◆ **What you are asked to do**
Below are records with pictures. Reproduce exactly the lines from the line with "桜の木の下で唐揚げとかしわおにぎりを食べる。" to the line with "El Gobernador y", inclusive, and leave each picture out.

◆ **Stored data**

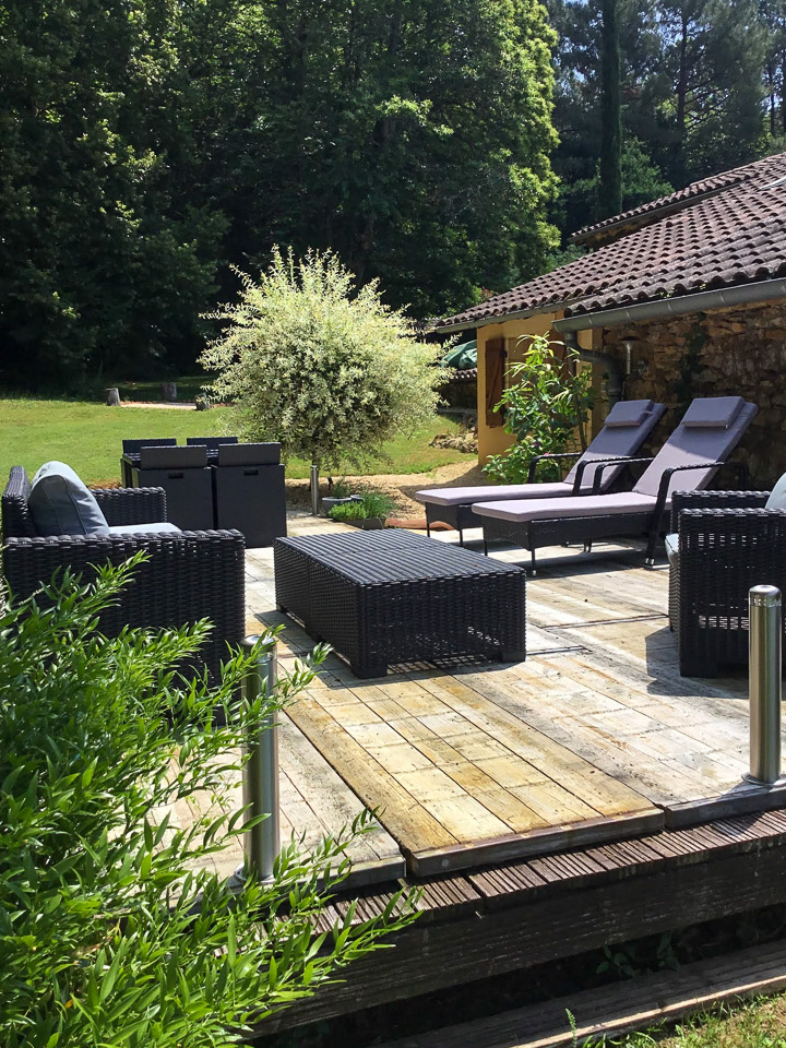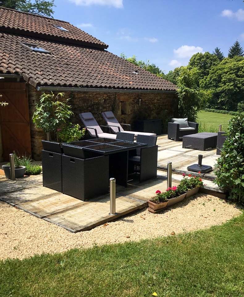 The Gite is a short distance from the owners house, has its own private entrance and secluded deck area and is set in a peaceful private setting overlooking woodland.
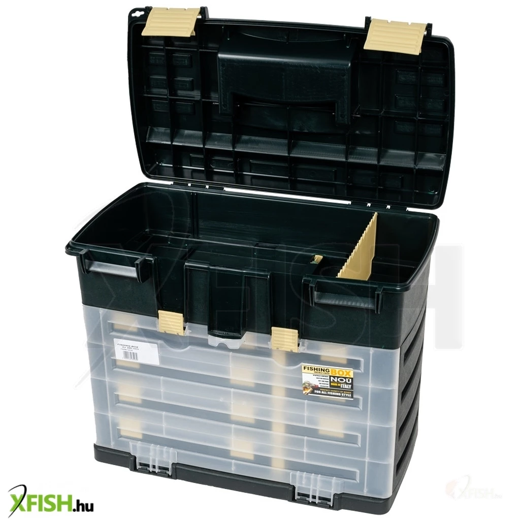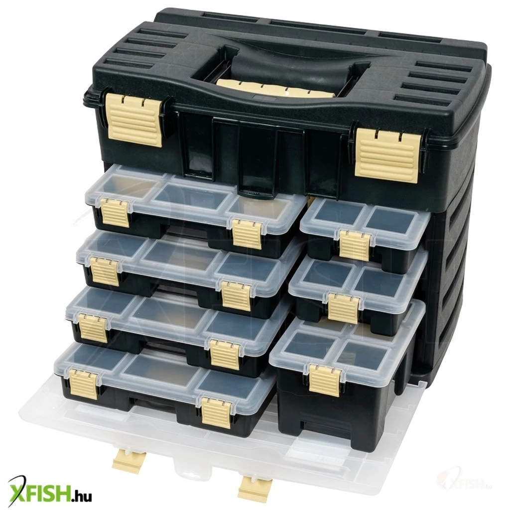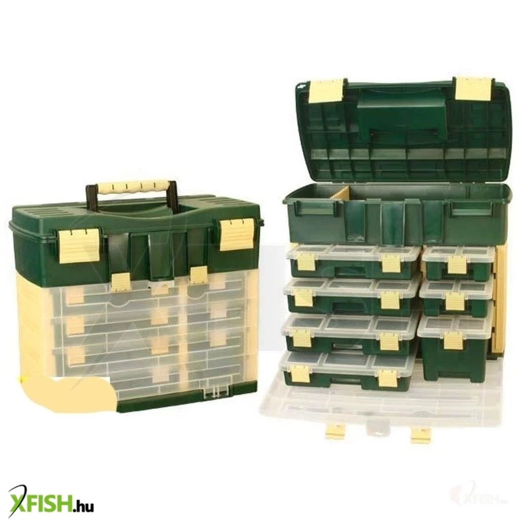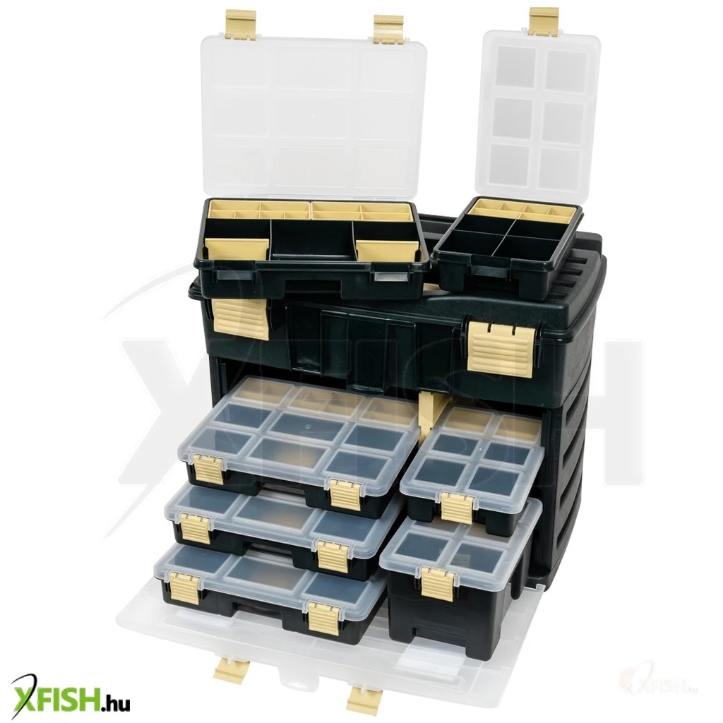 Felül nagyméretű tároló rész, alul 3 féle, összesen 7 darab kisebb doboz található: 4 db Fishing Boksz 374 (29x23x6 cm). A 9 részre osztott belsőben 2 db (8x13x5,5 cm) válaszfallal további 2-2 részre bontható, 1 db (10x13x5,5 cm) egybefüggő és 6 darab kisméretű fakk található. Ez utóbbiak felett 2 db (6,3x13x2,6 cm) kiemelhető tálca teszi még praktikusabbá. 2 db Fishing Boksz 373-as doboz (16x23x6 cm), mely 4 db nagyobb (6,5x5,8x5,5 cm) és két kisebb rekesszel készül. A kisebbek felett kiemelhető tálca található (6,3x13x2,6). 1 db Fishing Boksz 375-ös doboz (16x23x12 cm), mely jól pakolható egyterű belsővel és kiemelhető tálcával (6,3x13x2,6 cm) láttak el a gyártók.
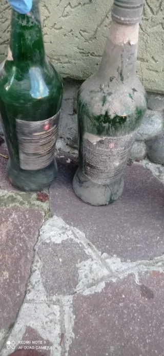 Due bottiglie vuote in vetro, perfette per collezionisti o per decorazione. - Bottiglia verde con etichetta RUSS ANTIC. - Bottiglia verde con tappo rosso e etichetta parzialmente visibile.
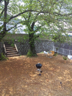 桜の木の下で唐揚げとかしわおにぎりを食べる。
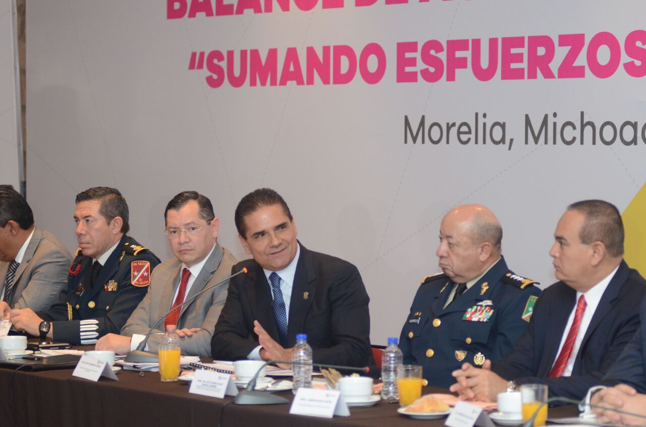 El Gobernador y el secretario Ejecutivo del Sistema Nacional de Seguridad Pública, Álvaro Vizcaíno, presentaron el balance de acciones en materia de Seguridad “Sumando esfuerzos por un mejor Michoacán”, que reflejan decrementos importantes en los diversos rubros.
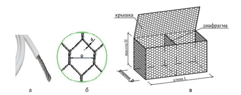 Рис. 2. Оцинкованная проволока двойного кручения для создания плетеных оболочек габионов (а); ячейка плетеной сетки для габиона из такой проволоки (б) и контейнер для прямоугольного коробчатого габиона с армирующей перегородкой, изготовленный из плетеной сетки, прикрепленной к жесткому каркасу (в) [1, 16]
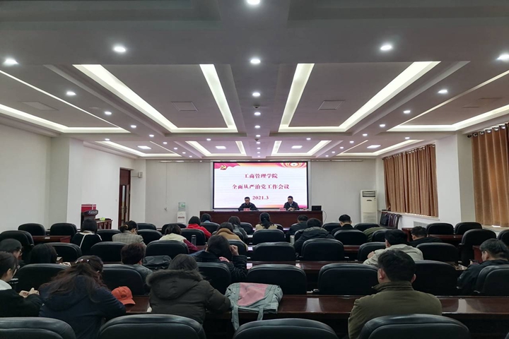 为加强学院党风廉政建设,进一步推进全面从严治党,2021年3月24日,工商管理学院在学院会议室召开全面从严治党工作会议,该院全体教工参加了此次会议。该院党委书记黄定国主持会议。

◆ **Exercise response**
 桜の木の下で唐揚げとかしわおにぎりを食べる。
 El Gobernador y el secretario Ejecutivo del Sistema Nacional de Seguridad Pública, Álvaro Vizcaíno, presentaron el balance de acciones en materia de Seguridad “Sumando esfuerzos por un mejor Michoacán”, que reflejan decrementos importantes en los diversos rubros.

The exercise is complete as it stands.